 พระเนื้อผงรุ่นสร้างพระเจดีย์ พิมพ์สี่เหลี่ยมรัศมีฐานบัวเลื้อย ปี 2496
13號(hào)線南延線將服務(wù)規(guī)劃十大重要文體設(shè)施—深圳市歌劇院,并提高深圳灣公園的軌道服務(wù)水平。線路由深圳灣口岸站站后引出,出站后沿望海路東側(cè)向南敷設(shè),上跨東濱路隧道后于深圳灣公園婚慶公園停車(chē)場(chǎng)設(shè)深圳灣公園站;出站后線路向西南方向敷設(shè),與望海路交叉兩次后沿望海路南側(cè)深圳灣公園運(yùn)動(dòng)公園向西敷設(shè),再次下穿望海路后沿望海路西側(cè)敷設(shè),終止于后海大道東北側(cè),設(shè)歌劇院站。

==

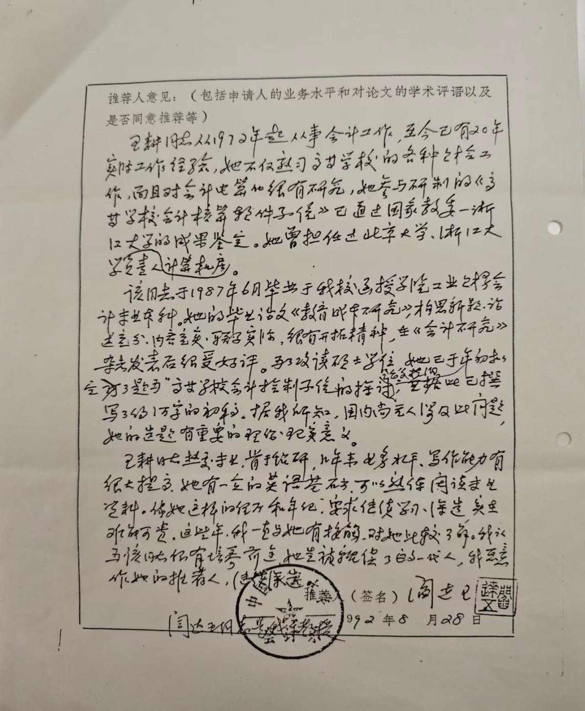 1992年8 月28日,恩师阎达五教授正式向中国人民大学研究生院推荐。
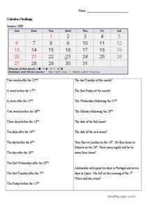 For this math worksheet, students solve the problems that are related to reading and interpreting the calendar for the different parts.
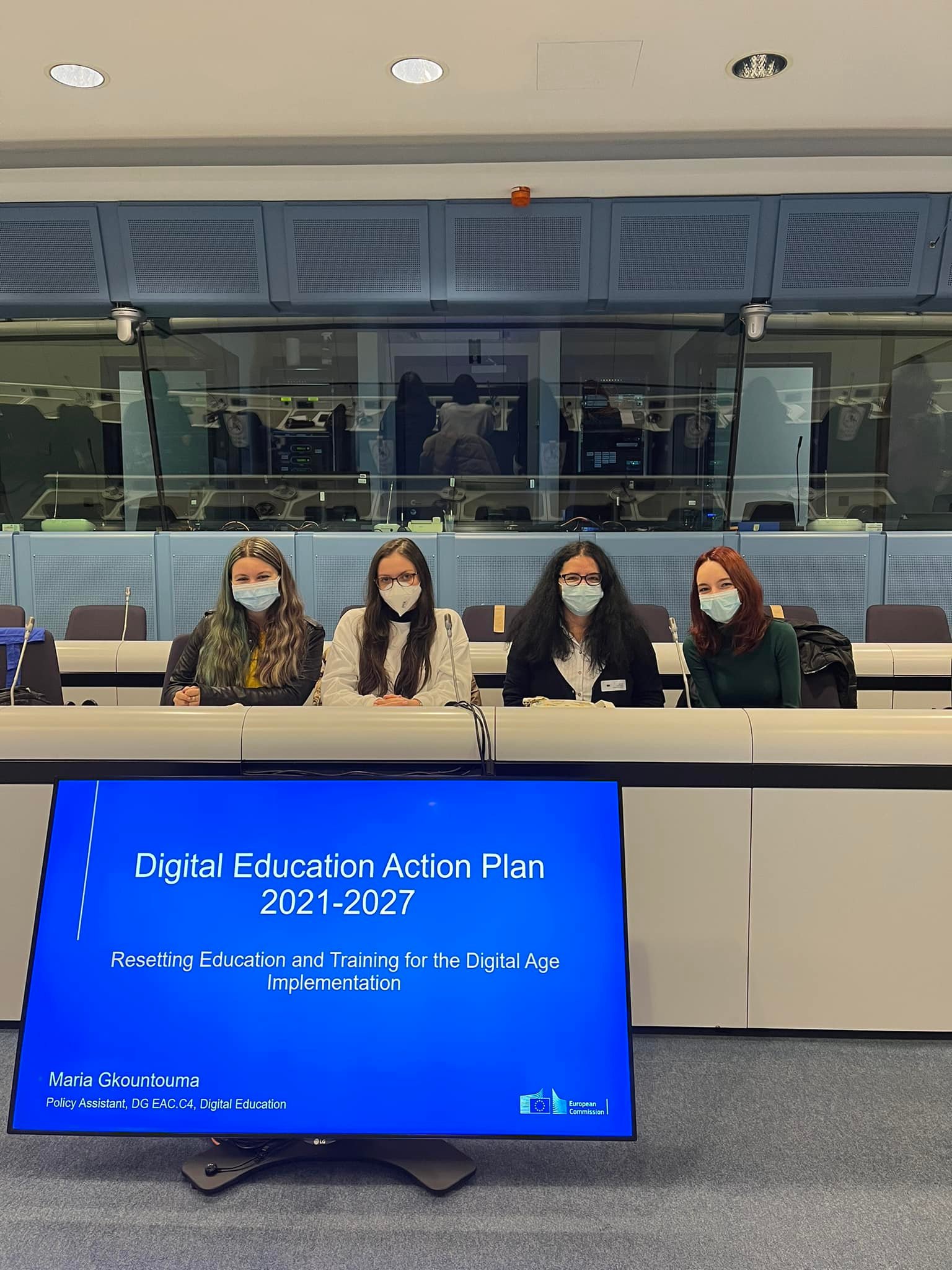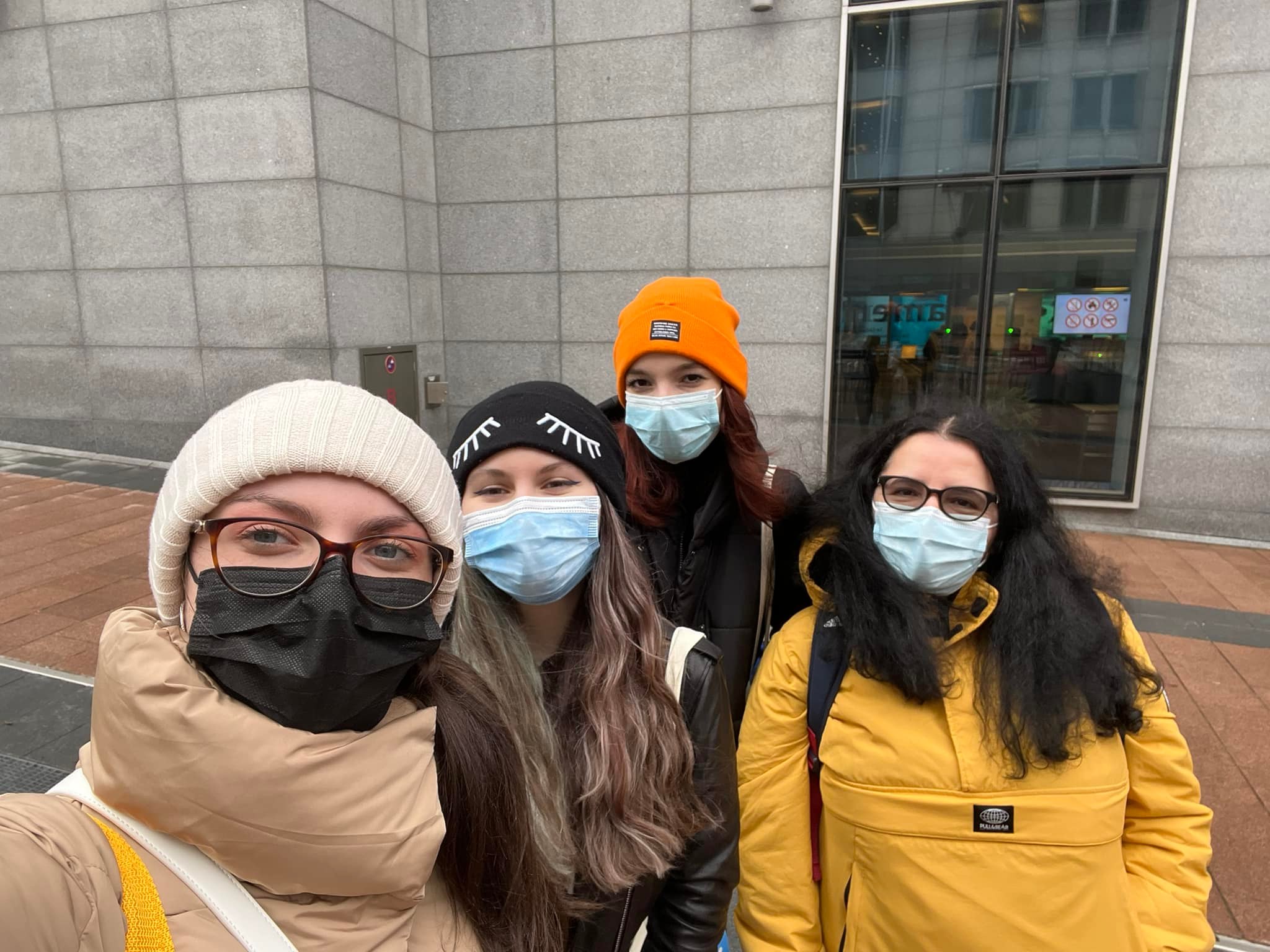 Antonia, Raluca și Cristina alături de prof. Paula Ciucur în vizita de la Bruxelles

What the task requires — Those lines of the records above that run from the one containing "1992年8 月28日,恩师阎达五教授正式向中国人民大学研究生院推荐。" through the one containing "Antonia, Raluca și" should be returned exactly, with no pictures among them.

Answer below —
 1992年8 月28日,恩师阎达五教授正式向中国人民大学研究生院推荐。
 For this math worksheet, students solve the problems that are related to reading and interpreting the calendar for the different parts.
 Antonia, Raluca și Cristina alături de prof. Paula Ciucur în vizita de la Bruxelles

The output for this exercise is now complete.